New issue
Advanced search Search tips
Note: Color blocks (like or ) mean that a user may not be available. Tooltip shows the reason.

Issue 725907 link

Starred by 3 users

Issue metadata

Status: Archived
Owner: ----
Closed: Aug 2017
Cc:
Components:
EstimatedDays: ----
NextAction: ----
OS: Chrome
Pri: 2
Type: Bug-Regression



Sign in to add a comment

traces contain huge number of MessageLoop::RunTask events

Reported by dave.rod...@arm.com, May 24 2017

Issue description

UserAgent: Mozilla/5.0 (X11; Linux x86_64) AppleWebKit/537.36 (KHTML, like Gecko) Chrome/57.0.2987.133 Safari/537.36
Platform: 9517.0.2017_05_03_1620 (Test Build - davrod01) developer-build elm

Steps to reproduce the problem:
1. capture trace with toplevel category enabled

What is the expected behavior?
Should be able to load trace in trace viewer, but it is too big.

What went wrong?
Trace contains around 70,000 MessageLoop::RunTask events per second and as a result are too big to be loaded in the trace viewer.

Looking at an older trace file, it has around 2000 of these events per second.

The extra events look similar to these three events from the Browser Chrome_IOThread thread, repeated many times.

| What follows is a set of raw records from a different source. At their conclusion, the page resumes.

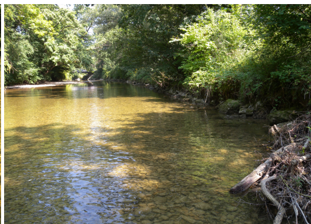
Abb. 3: Epipotamaler Abschnitt der Leiblach uh. Eisenbahnbrücke, Hörbranz (30), flussaufwärts, 13.08.2020.
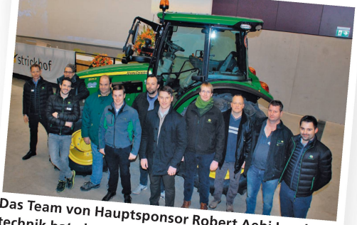
Das Team von Hauptsponsor Robert Aebi Landtechnik hat eine tolle Maschinenshow organisiert.
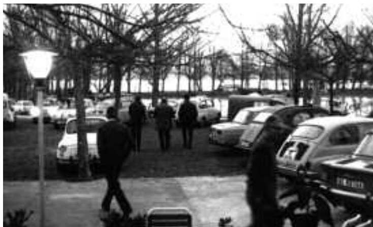
Detall de l'aparcament dels cotxes dels concursants, al fons s'hi veu l'estanyol.
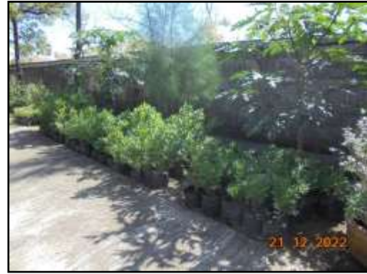
รูปที่ 2-33 เรือนเพาะชำและแปลงอนุบาลกล้าไม้ เพื่อเพาะพันธุ์กล้าไม้ สำหรับปลูกทดแทนในบริเวณพื้นที่สีเขียว
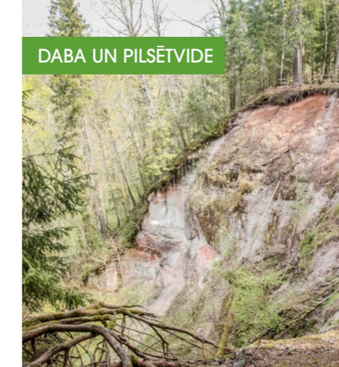
DABA UN PILSĒTVIDE
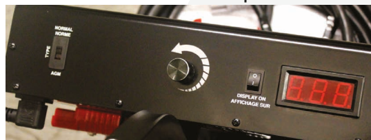
Panel de control superior
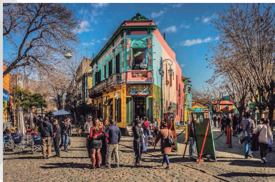
CAMINITO - LA BOCA
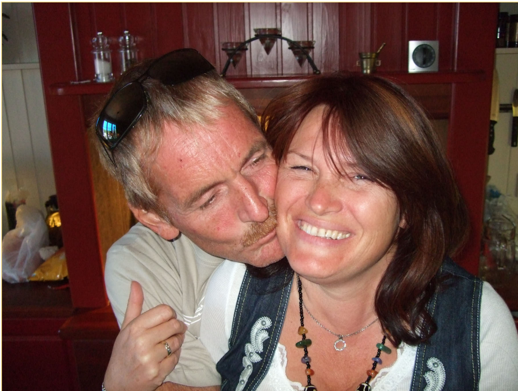
Nygifte å så var det over for i år sees neste år
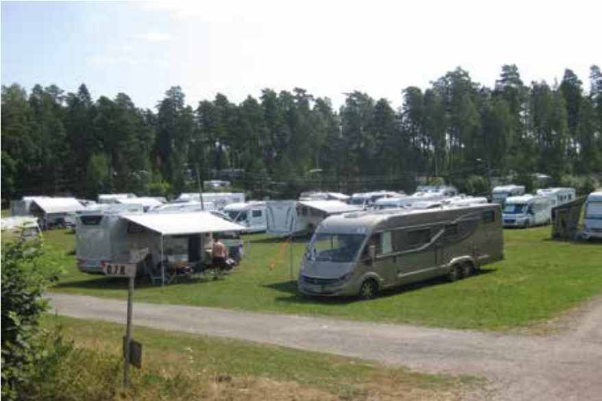
Kokoontumisajoihin saapui lähes 60 yksikköä MA-jäseniä. Lisäksi paikalla oli runsaasti alueen kausipaikkalaisia.

Korona oli estänyt Matkailuautoilijoiden tapahtumat niin talvella kuin keväälläkin. Jotain piti keksiä, jotta ihmiset voisivat tavata tuttuja pitkää aikaa. Tällainen hyvin vapaamuotoinen kokoontuminen ilman mitään isompaa ohjelmaa. Nähdä vain tuttuja ja vaihtaa kuulumisia.
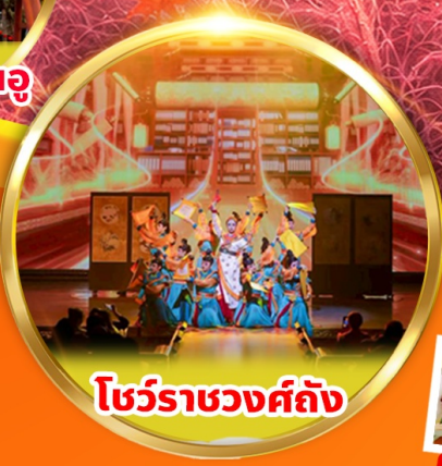
โชว์ราชวงศ์ถัง
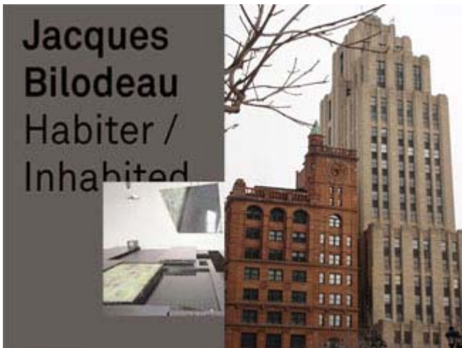
Édifice Alfred - Vieux Montréal
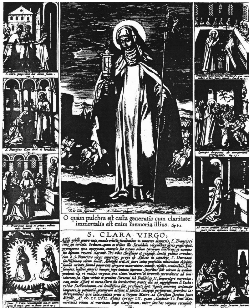
Obr. č. 4, sv. Klára na listu uvádějícím její životopis v tisku Historia seraphica
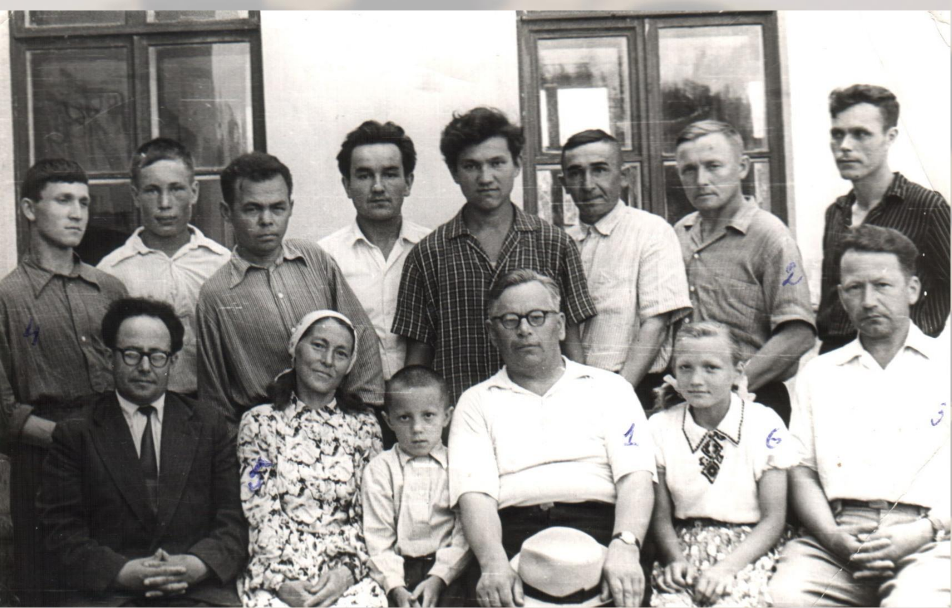
Участники команды Чебоксарского района, занявшей I место в розыгрыше Кубка Чувашской АССР по шашкам. п. Кугеси, 1962 г.
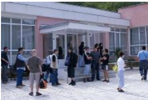
| Во дворе Университетского центра «Бачиново»

ского владычества город назвали Горна Джумая. И только после Второй мировой войны он обрел свое нынешнее имя, присвоенное городу в честь коммуниста Димитро Благоева. Сейчас в городе живет около 80 тысяч человек, так что вечерами в центре людно и весело, летние веранды кафе за-
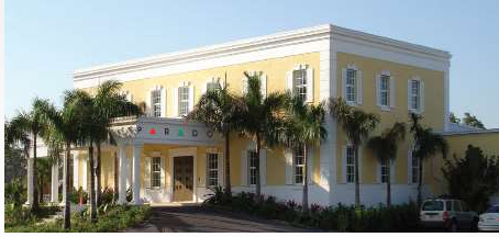
Bahamas Headquarters & International Sales Office
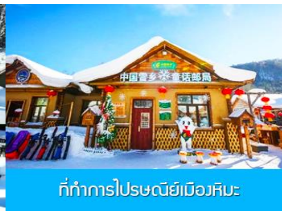
ที่ทำการไปรษณีย์เมืองหิมะ

วันที่สี่ พิพิธภัณฑ์เมืองหิมะ – ที่ทำการไปรษณีย์เมืองหิมะ – ไกด์ขายออฟชั่นภาพเขียนลึบลี่และออฟชั่นม้าลากเลื่อน-เมืองฮาร์บิน
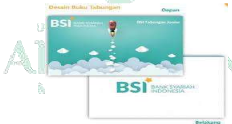
Gambar 4.1 Desain Buku Tabungan Junior Bank Syariah Indonesia (BSI)

“bukti fisik yang diberikan adalah Buku Tabungan dan Kartu debit/ATMGPN dengan buku tabungan atas nama anak. Dimana sebelumnya di Bank BNI Syariah kartu ATM nya tanpa nama sehingga dapat dikatakan bahwa dengan adanya BSI, Tabungan Junior semakin meningkat karena kartu ATM nya sudah dilengkapi nama dan tentunya lebih bagus dari sebelumnya. Terdapat pula layanan e-channel (BSI mobile, net banking dan SMS banking) serta kartu debit/ATM GPN yang bisa dipergunakan di seluruh ATM maupun EDC di seluruh Indonesia. Berikut ini adalah contoh desain buku tabungan dan kartu ATM Tabungan Junior.”
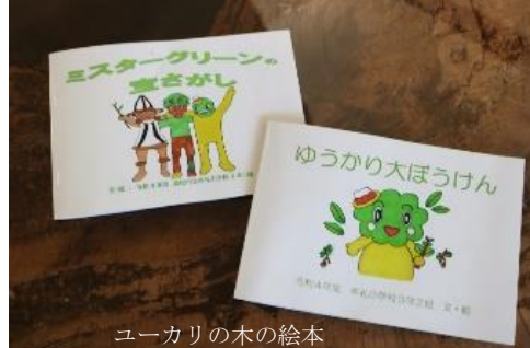
ユーカリの木の絵本

牟礼小学校生からの言葉 私たちは、昨年、ユーカリの木のことを牟礼のみんなに知ってもらっために絵本を作りました。お話の内容やキャラクターは、クラスで話し合っ決めました。ユーカリが、牟礼小のシンボルとして大事にされてきたことが分かるように、地域の方から聞いたお話をエピソードに入れました。この絵本を読んで、ユ
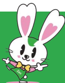
オフィシャルキャラクター ラビーちゃん
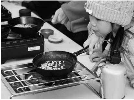
▲コーヒー豆の焙煎を体験する参加者
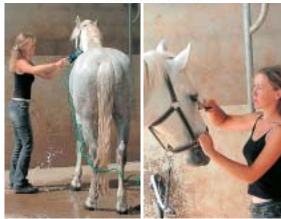
Petite toilette avant la séance...
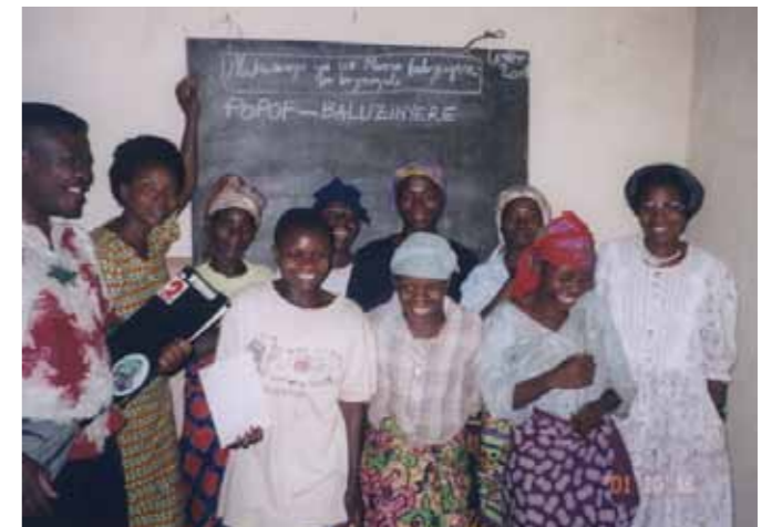
洋裁教室に参加した女性たち

この夏は、ポポフのアンガ環境学級の生徒たちに木工を教え、ポポフグッズを制作してもらいました。なかなかの出来栄で、これを販売して学資の支援や教材の購入に当てる計画です。ポポフグッズを通じて、ゴリラばかりでなく、ゴリラとともに生きる人々の暮らしを紹介し、その気持ちを伝えられればいいなと思っています。

{'ts': 108264772603, 's': None, 'dur': 6, 'category': None, 'cat': ['toplevel'], 'flow_out': None, 'timestamp': 21705.727, 'bind_id': None, 'args':
{'src_func': 'Watcher', 'src_file': '../../../../../../../home/pdswauto/chrome_root/src/base/files/file_descriptor_watcher_posix.cc'}
, 'tid': 30495, 'id': None, 'pid': 30451, 'tdur': 4, 'ph': 'X', 'name': 'MessagePumpLibevent::OnLibeventNotification', 'scope': None, 'flow_in': None, 'tts': 12005269}
{'ts': 108264772611, 's': None, 'dur': 26, 'category': None, 'cat': ['toplevel'], 'flow_out': None, 'timestamp': 21705.735, 'bind_id': None, 'args':
{'src_func': 'OnFileCanReadWithoutBlocking', 'src_file': '../../../../../../../home/pdswauto/chrome_root/src/base/files/file_descriptor_watcher_posix.cc'}
, 'tid': 30495, 'id': None, 'pid': 30451, 'tdur': 25, 'ph': 'X', 'name': 'MessageLoop::RunTask', 'scope': None, 'flow_in': None, 'tts': 12005276}
{'ts': 108264772640, 's': None, 'dur': 7, 'category': None, 'cat': ['toplevel'], 'flow_out': None, 'timestamp': 21705.764, 'bind_id': None, 'args':
{'src_func': 'StartWatching', 'src_file': '../../../../../../../home/pdswauto/chrome_root/src/base/files/file_descriptor_watcher_posix.cc'}

Did this work before? Yes Not sure, likely no earlier than April 2017.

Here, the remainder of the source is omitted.